Bennett Jones LLP
- Headquarters: Calgary and Toronto
- No. of offices: 7
- No. of lawyers: 450
- No. of employees: 550
- Major practice areas: Energy, Mining, Funds & Finance, Capital Projects
- Date founded: 1922 (Calgary)
- Company type: Limited liability partnership
- Website: www.bennettjones.com

= Bennett Jones =

International law firm

Bennett Jones LLP is a large national law firm based in Canada.

== Firm ==
Bennett Jones is an internationally recognized Canadian law firm. It is home to more than 450 lawyers and business advisors in seven offices—Calgary, Toronto, Edmonton, Ottawa, Vancouver, Montréal, and New York.

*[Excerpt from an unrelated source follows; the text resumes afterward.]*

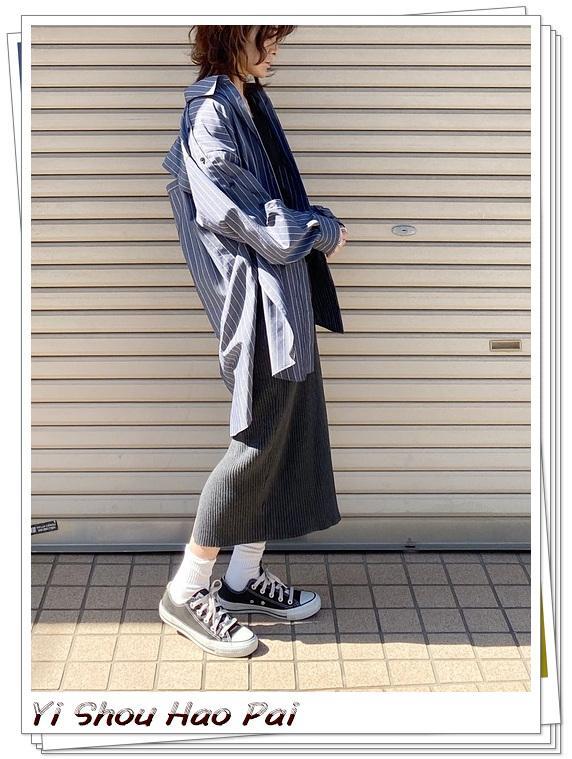 条纹衬衫具有宽松但赋有知性的形象,可轻松穿搭休闲帆布鞋。关于下装,挑选紧身裙,收紧oversize上衣,并添加穿搭感。

The firm advises clients in a variety of business, industry, and government sectors. Bennett Jones has been recognized as one of Canada's top law firms, with particular recognition for its leadership in energy project development, litigation, financing, real estate, labour, regulatory, and Indigenous law issues.

==Notable alumni and advisors==
- Hon. John Russell Baird - Former Canadian politician who served as Minister of Foreign Affairs under Prime Minister Stephen Harper (2011–15)
- Rt. Hon. R. B. Bennett , 1st Viscount Bennett – Founding partner and former Prime Minister of Canada (1930–35)
- David A. Dodge – Senior Advisor and former Governor of the Bank of Canada (2001–08)
- Allan Gotlieb – Senior advisor and former Canadian ambassador to the United States of America (1981–89)
- Michael Kergin – Senior advisor and former Canadian ambassador to the United States of America (2000–05)
- John C. "Jack" Major – Counsel and former Puisne Justice of the Supreme Court of Canada (1992–2005)
- Hon. Anne McLellan – Counsel, former Member of Parliament (1993–2006) and Deputy Prime Minister of Canada (2003–06)
- Brig. Henry Grattan Nolan - Former Puisne Justice of the Supreme Court of Canada (1956–57)
- Christy Clark - senior advisor and former Premier of British Columbia (2011–2017)
- Hon. Jason Kenney - Senior advisor, former Premier of Alberta (2019–2022), former Member of Parliament (1997-2016) and Minister of National Defense (2015)

==History==

Bennett Jones was founded in Calgary in 1922 with the dissolution of a 25-year partnership between R.B. Bennett and Sir James Alexander Lougheed (Lougheed, Bennett & Company) and the creation of the new partnership Bennett, Hannah & Sanford.

The firm expanded to Edmonton (1982) and then eastward to Toronto (1989) and Ottawa (1989–95, 2009). In 2018, the firm merged with Vancouver firm McCullough O'Connor Irwin and opened an office in New York.